This week on a pheasant-filled 30,000-acre ranch outside Sacramento some 50-odd Labrador, Chesapeake and golden retrievers from all over the country are sniffling and snuffling through rice fields and jib corn. They are not ordinary-gundogs, however, nor is this an ordinary hunt. Indeed, these are the most extraordinary retrievers in the nation and, at the end of four days of grueling game tests, one of them will be crowned the 1963 National Champion.
Only a handful (about one in 200) of the more than 11,000 retrievers that run in registered field trials during the year are good enough to compete for this title. Those that do, represent an average investment for their owners of $20,000 and four years of intensive training. One owner has raised 400-odd puppies in six years and qualified exactly one. John Olin, whose King Buck won the National twice, has sunk about $750,000 in his dogs. Plainly, then, retriever trials are for rich men and professional trainers.
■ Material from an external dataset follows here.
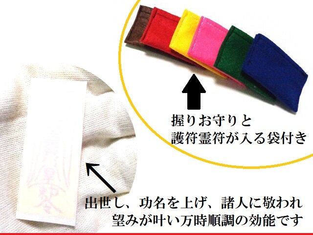 こちらの商品は護符霊符と握りお守りが一緒に入る袋付きです。

But if this is so, what are a jobless amateur like James Leslie Lawrence Casey and his black Labrador, Cougar's Rocket, doing at the National? The answer is: scaring the pros and millionaires right out of their hunting boots.
Until 10 years ago the man everyone calls just Casey would have had trouble telling a retriever from a pointer. A 60-year-old, 140-pound Bantam rooster of a man who looks as though he might break into a soft-shoe dance at the drop of a straw skimmer, Casey has an Irish face lit by bright blue eyes and crinkled with laugh marks. His thinning hair is slicked back from a part that is almost dead center, and his bow tie and tweeds are straight from the Roaring Twenties.
"My legs were starting to give me trouble hunting," says Casey of his entry into the retriever game. "Some fellow suggested I get a Labrador to do the leg-work for me. So I paid $50 hard cash for this black dog, and would you believe it, he was going deaf and blind, but they took my money without saying a word."
Casey's investment was not a total loss. He bred the ailing animal (despite his infirmities, the animal's ancestry was impeccable—his father, Black Panther, won more field trial points than any other retriever in history) and got himself a healthy pup for the stud fee. He then bought a book for $5.95 and began to train the pup. Obviously nobody could train a champion retriever from a book, but Casey didn't know that. So, in the tiny backyard of his frame bungalow in Palo Alto, Calif., surrounded by apartment houses and city sounds, Casey, with book in hand and optimism in his heart, went to work.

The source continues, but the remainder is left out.